Keep the traditions: "I remember that first holiday without him. I couldn't function. I didn't want to function. I just wanted to sleep the day away", one person said. While this is a very natural feeling, try to lean on someone close to you who will give you the encouragement needed to continue traditions you once had with your dad. This is critical, as going through the motions during these challenging times will actually begin to change your thought process for the better. Let your friends and family members help you through the day. Write a letter to your dad for Father's Day. Go to church if that's what you did as a family. Have a cook out this afternoon or enjoy his favorite recliner with a good book. Your dad may not be here physically, but the spirit of his memory will be near you with everything you do in his name.
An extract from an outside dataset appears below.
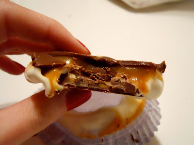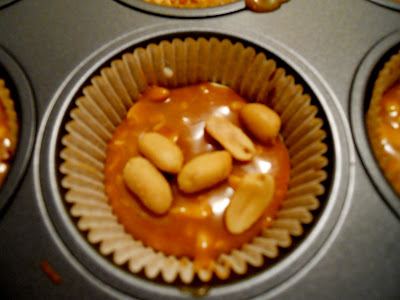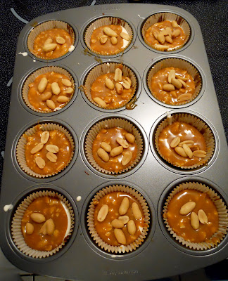 For the Milky Way cups, I poured in the melted caramel: For the Snickers, I mixed in chopped peanuts: But even for someone who doesn’t like peanuts, they didn’t look peanut-y enough. I added a few extra peanuts to each cup. Lastly, I topped each cup with a final layer of chocolate mix.

Create a life around your new normal: At some point the new normal will begin to happen organically. Life will be different. Things will naturally change. You will still have your moments and will hopefully continue the wonderful traditions that keep your dad's memory alive. What about starting something new in his honor? Did you know that you could name a star after a loved one that would be recognized on a national registry? You could also plant a tree-a very symbolic way to watch life continue go grow after the death of a loved one. One of the greatest sources of healing I have found is in helping others. Acts of kindness have this amazing way of taking you out of yourself in the midst of a hard time and redirecting that negative energy into something positive. Perhaps paying it forward every Father's Day-even in a small way-will fill your heart with the kind of love you once felt from your dad.
Father's Day may be filled with a huge range of emotions for you. My hope for you today is that you know how much your dad loved you during his lifetime and that you will show yourself and others that same kind of love. Today, have your moments, live the traditions, and celebrate the new life you're creating in memory of a wonderful man!